The task:
The required output is the exact text of the lines from the line containing "St Andrew Undershaft, St" through the final line below, inclusive, without pictures.

Data excerpt:

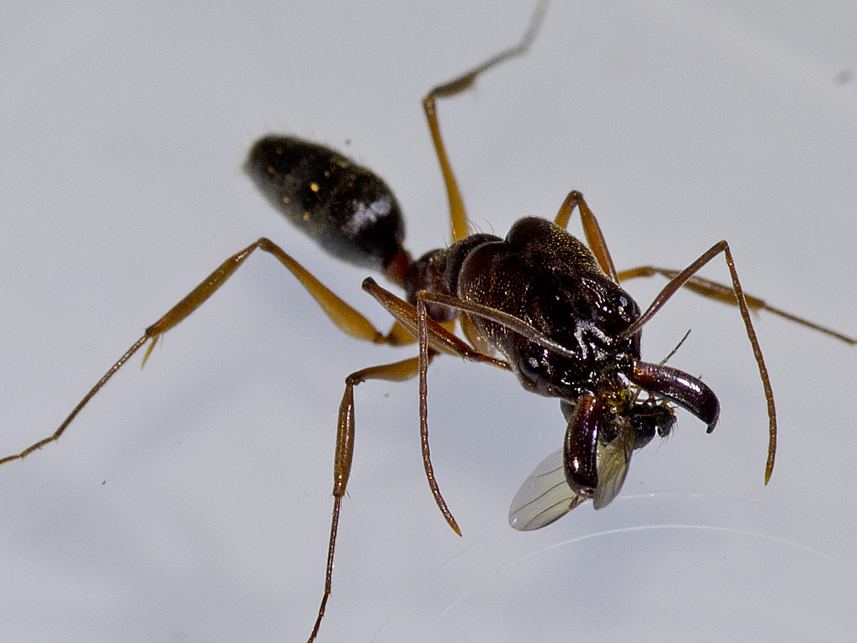 An Odontomachus ant eating a captured Dohrniphora conlanorum female
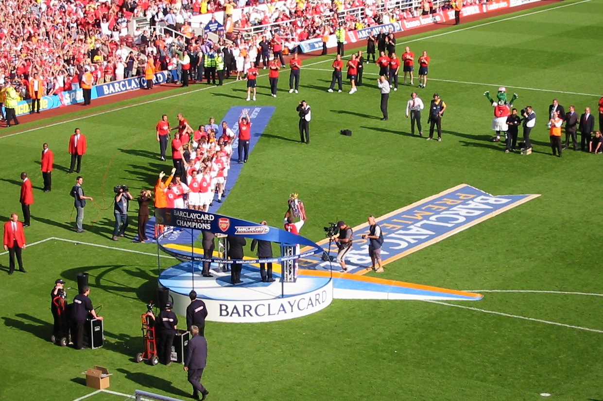 Arsenal captain Patrick Vieira presenting the Premier League trophy at Highbury after beating Leicester City 2-1 to win the league unbeaten
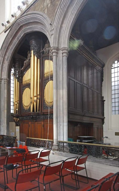 St Andrew Undershaft, St Mary Axe, EC2 - Organ
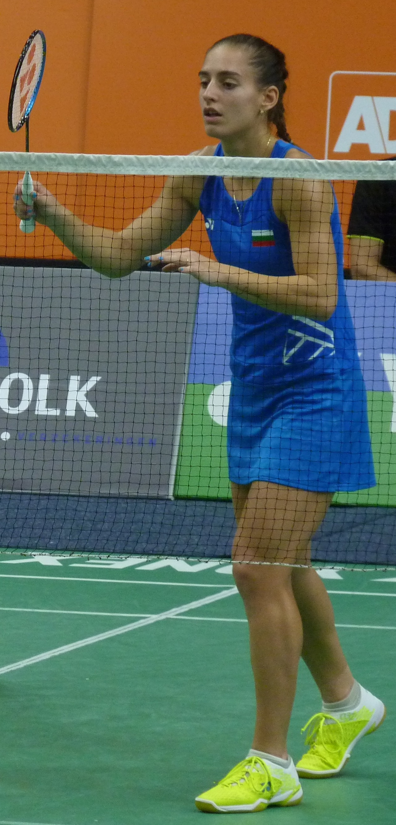 Gabriela & Stefani Stoeva (BUL)

Response:
 St Andrew Undershaft, St Mary Axe, EC2 - Organ
 Gabriela & Stefani Stoeva (BUL)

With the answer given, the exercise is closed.